**INPUT FOR THIS TASK**

:::

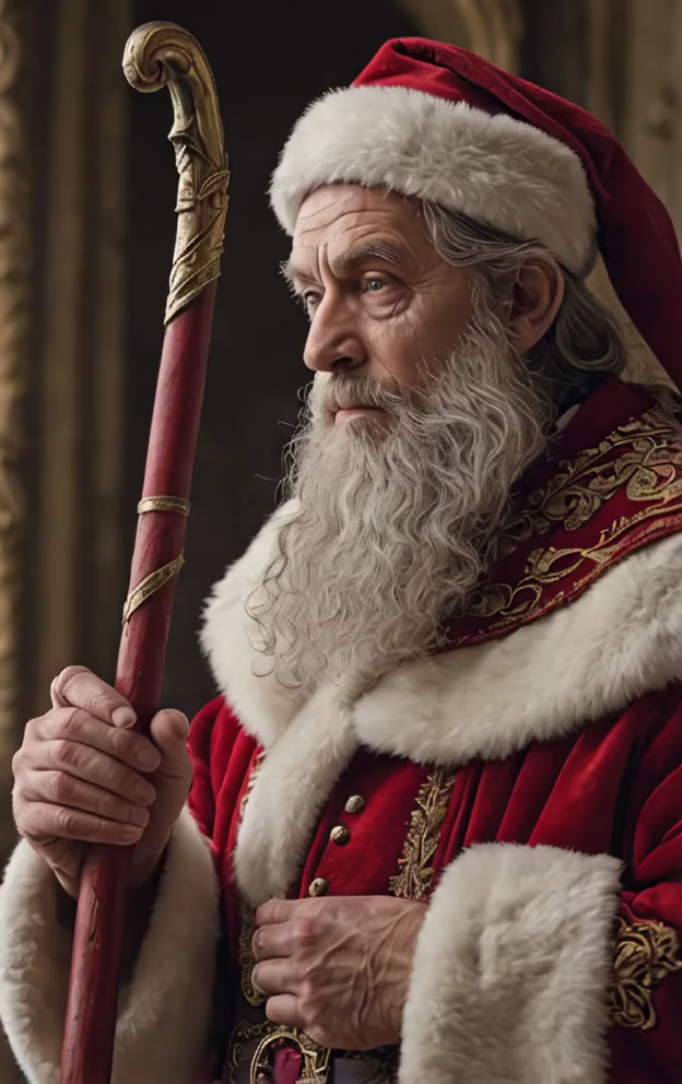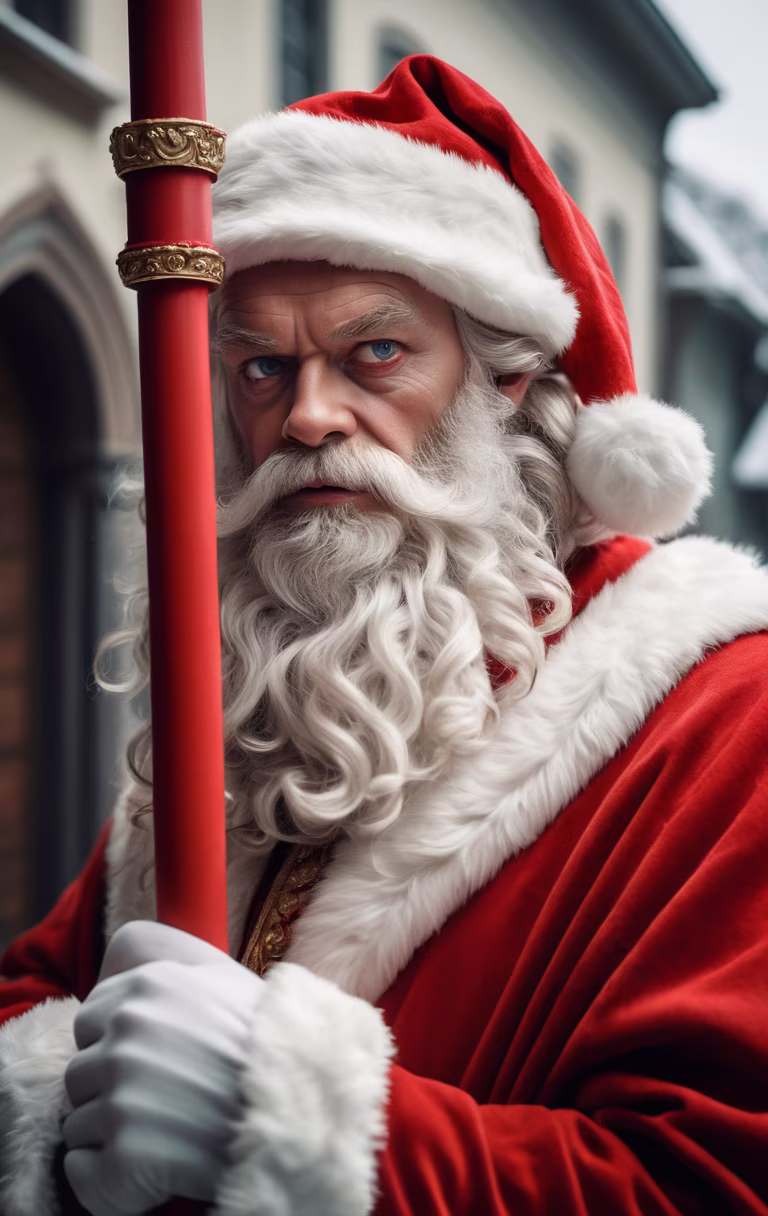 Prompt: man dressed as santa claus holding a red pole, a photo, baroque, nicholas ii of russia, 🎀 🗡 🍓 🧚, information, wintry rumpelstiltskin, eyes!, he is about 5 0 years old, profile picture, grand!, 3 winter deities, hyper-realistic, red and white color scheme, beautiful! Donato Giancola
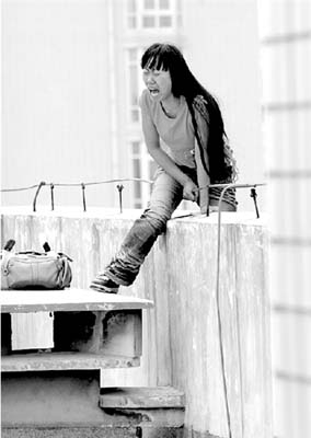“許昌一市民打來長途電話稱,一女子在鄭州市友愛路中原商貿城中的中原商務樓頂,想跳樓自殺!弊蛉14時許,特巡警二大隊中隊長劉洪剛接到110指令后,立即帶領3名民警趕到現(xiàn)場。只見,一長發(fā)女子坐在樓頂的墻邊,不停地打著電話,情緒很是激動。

:::

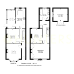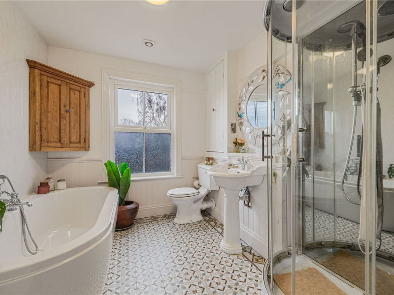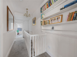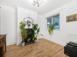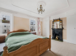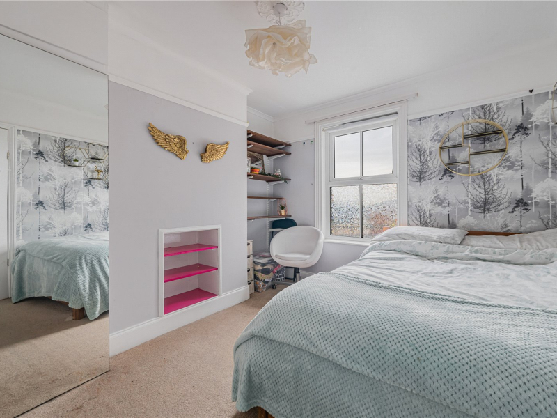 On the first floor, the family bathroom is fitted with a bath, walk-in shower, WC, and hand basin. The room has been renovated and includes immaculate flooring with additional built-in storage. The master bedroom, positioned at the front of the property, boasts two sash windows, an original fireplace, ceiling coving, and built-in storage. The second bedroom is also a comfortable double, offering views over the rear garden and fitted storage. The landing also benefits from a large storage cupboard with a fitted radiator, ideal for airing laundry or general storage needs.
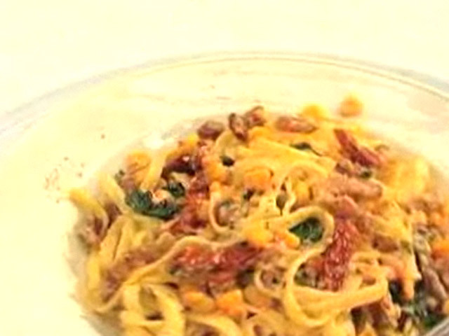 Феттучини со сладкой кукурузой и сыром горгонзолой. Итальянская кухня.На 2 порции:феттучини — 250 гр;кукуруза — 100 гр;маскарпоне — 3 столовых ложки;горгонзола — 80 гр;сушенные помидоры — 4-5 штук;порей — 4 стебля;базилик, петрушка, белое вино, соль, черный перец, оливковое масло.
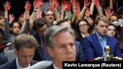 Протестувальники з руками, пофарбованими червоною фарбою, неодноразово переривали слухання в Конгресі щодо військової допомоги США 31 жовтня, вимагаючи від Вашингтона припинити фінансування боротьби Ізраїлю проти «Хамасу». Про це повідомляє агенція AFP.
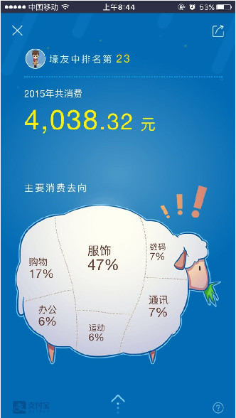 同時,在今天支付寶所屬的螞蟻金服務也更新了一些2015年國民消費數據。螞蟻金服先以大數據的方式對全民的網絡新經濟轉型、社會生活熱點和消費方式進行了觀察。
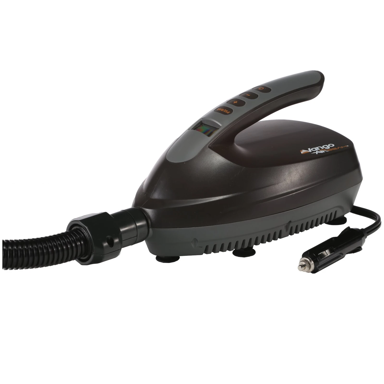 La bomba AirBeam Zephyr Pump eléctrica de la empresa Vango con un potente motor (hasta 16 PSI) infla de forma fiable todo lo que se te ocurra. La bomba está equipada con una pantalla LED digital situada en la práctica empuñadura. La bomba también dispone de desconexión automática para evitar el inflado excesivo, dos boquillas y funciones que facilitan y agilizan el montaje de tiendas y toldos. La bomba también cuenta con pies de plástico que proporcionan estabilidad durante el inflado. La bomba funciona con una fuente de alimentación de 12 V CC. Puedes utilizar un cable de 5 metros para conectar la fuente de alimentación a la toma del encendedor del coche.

:::

**EXERCISE INSTRUCTIONS**
Print nothing except the lines above from the one containing "Феттучини со сладкой" down to the one containing "同時,在今天支付寶所屬的螞蟻", both included, exactly as written and free of pictures.

**WRITTEN SOLUTION**
 Феттучини со сладкой кукурузой и сыром горгонзолой. Итальянская кухня.На 2 порции:феттучини — 250 гр;кукуруза — 100 гр;маскарпоне — 3 столовых ложки;горгонзола — 80 гр;сушенные помидоры — 4-5 штук;порей — 4 стебля;базилик, петрушка, белое вино, соль, черный перец, оливковое масло.
 Протестувальники з руками, пофарбованими червоною фарбою, неодноразово переривали слухання в Конгресі щодо військової допомоги США 31 жовтня, вимагаючи від Вашингтона припинити фінансування боротьби Ізраїлю проти «Хамасу». Про це повідомляє агенція AFP.
 同時,在今天支付寶所屬的螞蟻金服務也更新了一些2015年國民消費數據。螞蟻金服先以大數據的方式對全民的網絡新經濟轉型、社會生活熱點和消費方式進行了觀察。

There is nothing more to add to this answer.